Merging the general client configurations from the server configuration YAML file and the specific client configurations in the client configuration YAML file will give all we need for a client to conduct the FL experiment.

[3]:
general_client_config = server_config.client_configs
all_client_config = OmegaConf.merge(general_client_config, client_config)
print(OmegaConf.to_yaml(all_client_config))
train_configs:
  trainer: VanillaTrainer
  mode: step
  num_local_steps: 100
  optim: Adam
  optim_args:
    lr: 0.001
  loss_fn_path: ./resources/loss/celoss.py
  loss_fn_name: CELoss
  do_validation: true
  do_pre_validation: true
  metric_path: ./resources/metric/acc.py
  metric_name: accuracy
  use_dp: false
  epsilon: 1
  clip_grad: false
  clip_value: 1
  clip_norm: 1
  train_batch_size: 64
  val_batch_size: 64
  train_data_shuffle: true
  val_data_shuffle: false
  device: cpu
  logging_output_dirname: ./output
  logging_output_filename: result
model_configs:
  model_path: ./resources/model/cnn.py
  model_name: CNN
  model_kwargs:
    num_channel: 1
    num_classes: 10
    num_pixel: 28
comm_configs:
  compressor_configs:
    enable_compression: false
    lossy_compressor: SZ2Compressor
    lossless_compressor: blosc
    error_bounding_mode: REL
    error_bound: 0.001
    param_cutoff: 1024
  grpc_configs:
    server_uri: localhost:50051
    max_message_size: 1048576
    use_ssl: false
client_id: Client1
data_configs:
  dataset_path: ./resources/dataset/mnist_dataset.py
  dataset_name: get_mnist
  dataset_kwargs:
    num_clients: 2
    client_id: 0
    partition_strategy: class_noniid
    visualization: true
    output_dirname: ./output
    output_filename: visualization.pdf

Server Configurations

Now, let’s take a look at what is needed for the configurations of FL server. Specifically, it contains the following key components:

  • Scheduler configurations: User can specify the name of the scheduler (scheduler), and the corresponding keyword arguments (scheduler_kwargs). All supported schedulers are available at src/appfl/scheduler.
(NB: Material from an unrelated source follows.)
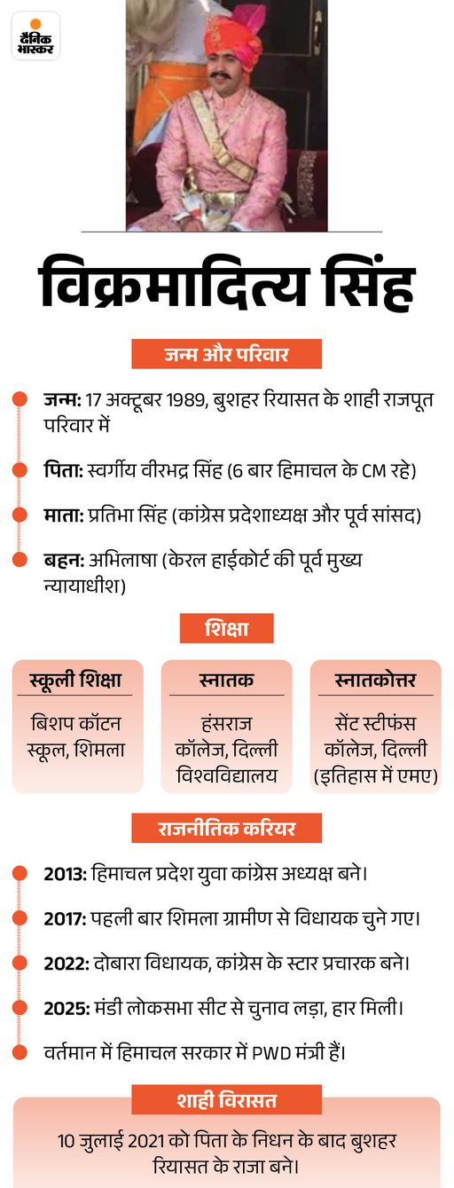 Vikramaditya Singh has been elected MLA from Shimla Rural Assembly for the second time and is the son of a six -time CM Virbhadra Singh. He is the Minister of Public Works and Urban Development in the current Congress government.

  • Aggregator configurations: User can specify the name of the aggregator (aggregator), and the corresponding keyword arguments (aggregator_kwargs). All supported aggregators are available at src/appfl/aggregator.

[4]:
print(OmegaConf.to_yaml(server_config.server_configs))
num_clients: 2
scheduler: SyncScheduler
scheduler_kwargs:
  same_init_model: true
aggregator: FedAvgAggregator
aggregator_kwargs:
  client_weights_mode: equal
device: cpu
num_global_epochs: 10
logging_output_dirname: ./output
logging_output_filename: result
comm_configs:
  grpc_configs:
    server_uri: localhost:50051
    max_message_size: 1048576
    use_ssl: false